## What you need to do
Pictures do not belong in the copy. Write out exactly the lines from the one containing "Kids Girls' Down" through the end of the data.

Source data:
[Start of Attachment]
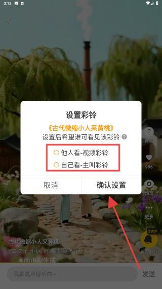 4、將彩鈴設(shè)置他人看或者自己看,選擇好后點(diǎn)擊確認(rèn)設(shè)置的按鈕即可完成。
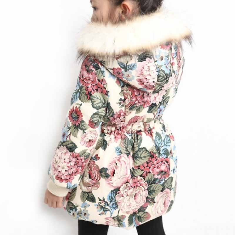 Kids Girls' Down Coat Floral Fashion Outdoor Cotton Coat Outerwear 3-12 Years Fall Navy Blue Beige 11
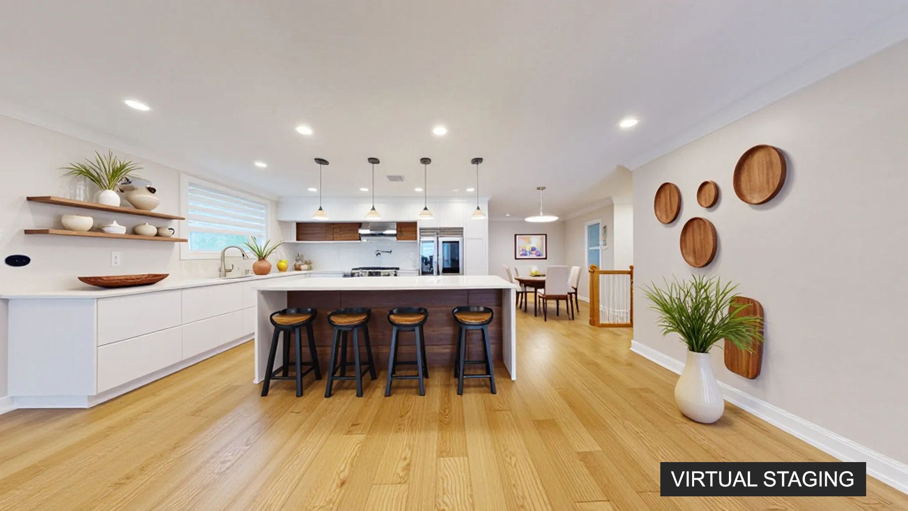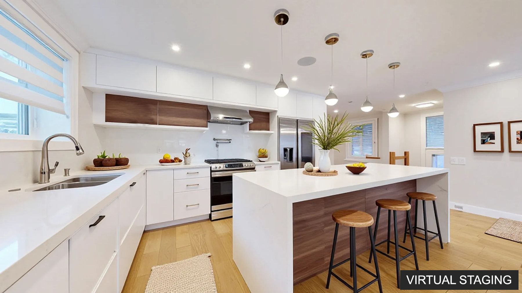 • Beautiful kitchen with a large white quartz island and stainless steel appliances.
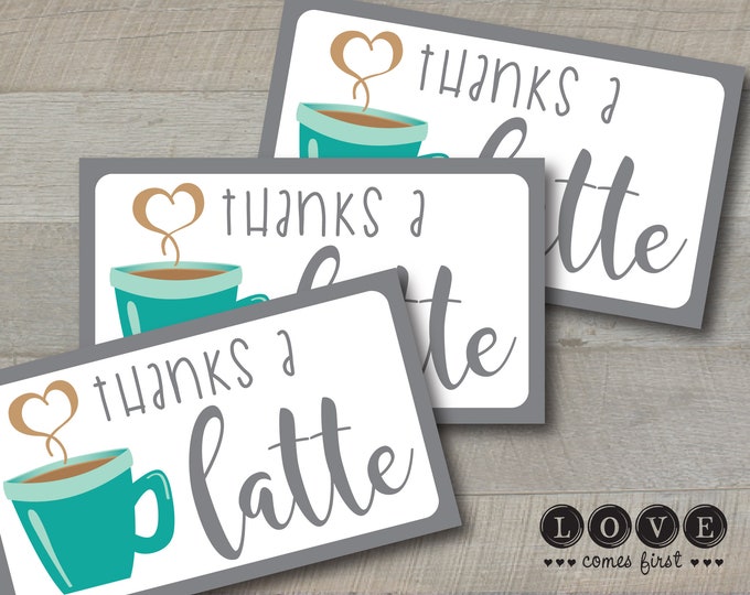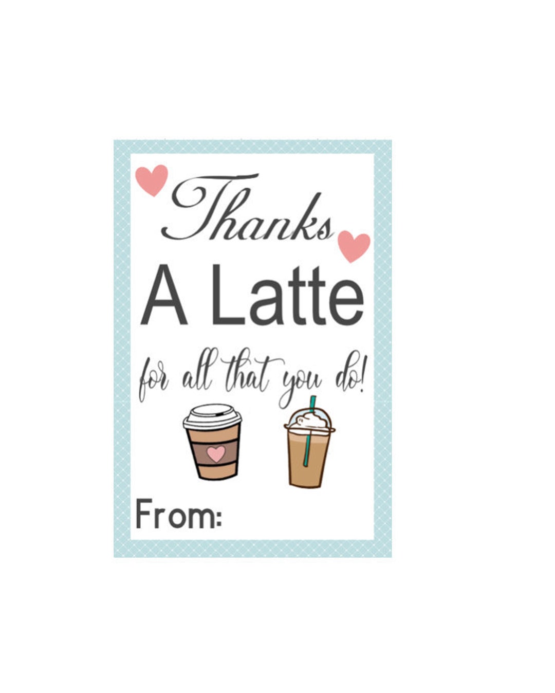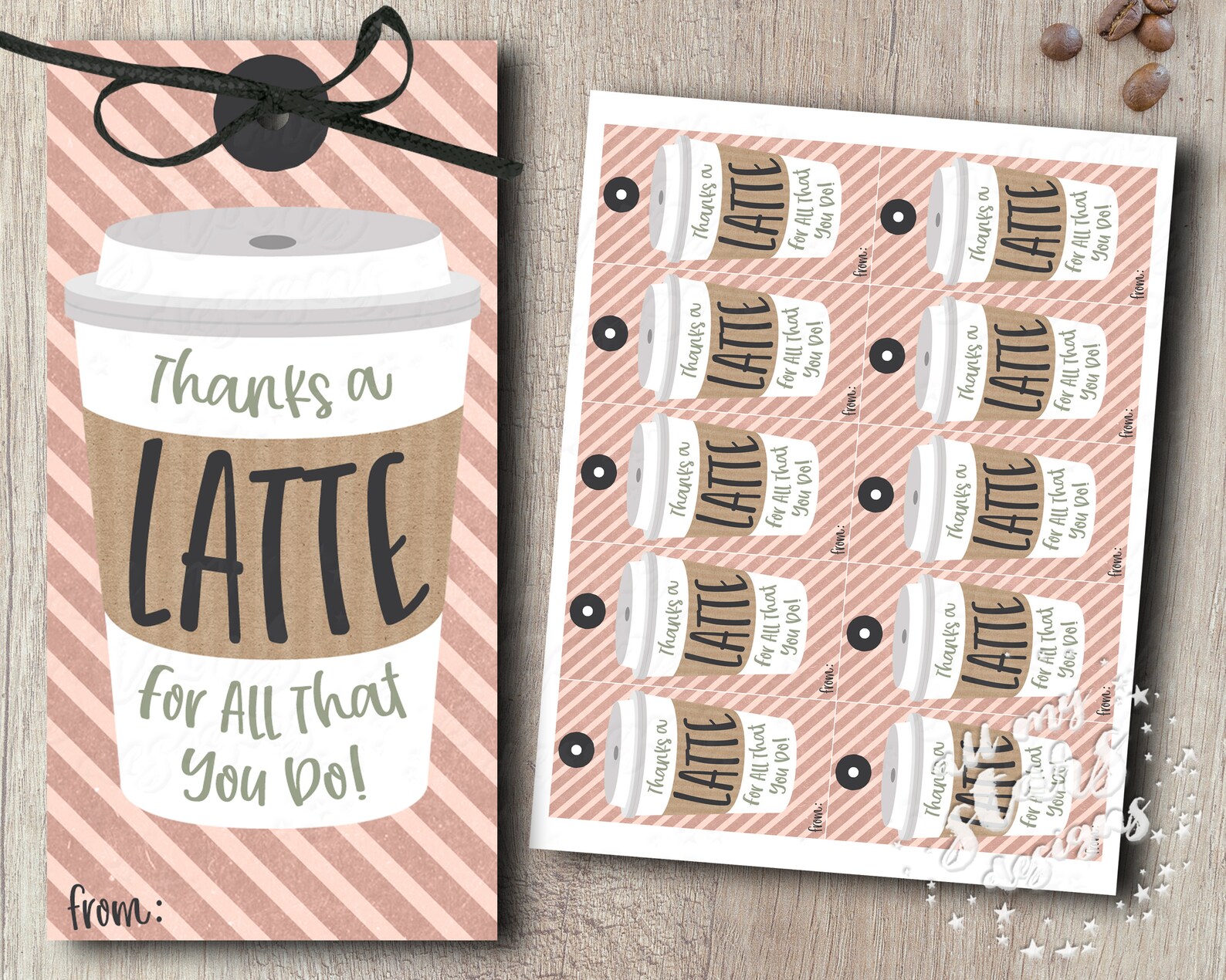 Thanks A Latte Tag Printable/ Gift Tag/ Thank You Tag/ Teacher Etsy
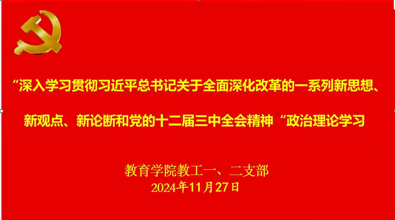 全体党员集中观看了“深入学习贯彻习近平总书记关于全面深化改革的一系列新思想、新观点、新论断和党的二十届三中全会精神”的视频。接着,全体党员交流观看心得。有同志提到,“坚持党的领导的重要性,认为全面深化改革必须坚持党中央集中统一领导,这是根本保证。党的领导确保改革沿着正确方向推进,在历史进程中发挥了关键引领作用,新时代全面深化改革的成就充分彰显了“两个确立”和“两个维护”的重要性。”还有的党员提到“教师需结合教育工作。如何将这些新思想、新观点、新论断贯彻到公司产品实践中,如推进教育评价体系改革、创新人才培养模式等,以提升公司产品质量,为社会培养更多创新型人才。”最后,教工第二党支部书记陈珂同志对本次理论学习进行总结,新时期高校教育工作者承担着高素质人才培养的重要任务。小学教育专业作为国一流专业建设点,应按照审核评估和师范专业认证的标准,从育才模式、课程及教材建设、团队队伍建设、教学质量保障体制等方面加快建设,产出更多的高质量成果,成功通过国一流专业验收。
[End of Attachment]
## Solved problem
 Kids Girls' Down Coat Floral Fashion Outdoor Cotton Coat Outerwear 3-12 Years Fall Navy Blue Beige 11
 • Beautiful kitchen with a large white quartz island and stainless steel appliances.
 Thanks A Latte Tag Printable/ Gift Tag/ Thank You Tag/ Teacher Etsy
 全体党员集中观看了“深入学习贯彻习近平总书记关于全面深化改革的一系列新思想、新观点、新论断和党的二十届三中全会精神”的视频。接着,全体党员交流观看心得。有同志提到,“坚持党的领导的重要性,认为全面深化改革必须坚持党中央集中统一领导,这是根本保证。党的领导确保改革沿着正确方向推进,在历史进程中发挥了关键引领作用,新时代全面深化改革的成就充分彰显了“两个确立”和“两个维护”的重要性。”还有的党员提到“教师需结合教育工作。如何将这些新思想、新观点、新论断贯彻到公司产品实践中,如推进教育评价体系改革、创新人才培养模式等,以提升公司产品质量,为社会培养更多创新型人才。”最后,教工第二党支部书记陈珂同志对本次理论学习进行总结,新时期高校教育工作者承担着高素质人才培养的重要任务。小学教育专业作为国一流专业建设点,应按照审核评估和师范专业认证的标准,从育才模式、课程及教材建设、团队队伍建设、教学质量保障体制等方面加快建设,产出更多的高质量成果,成功通过国一流专业验收。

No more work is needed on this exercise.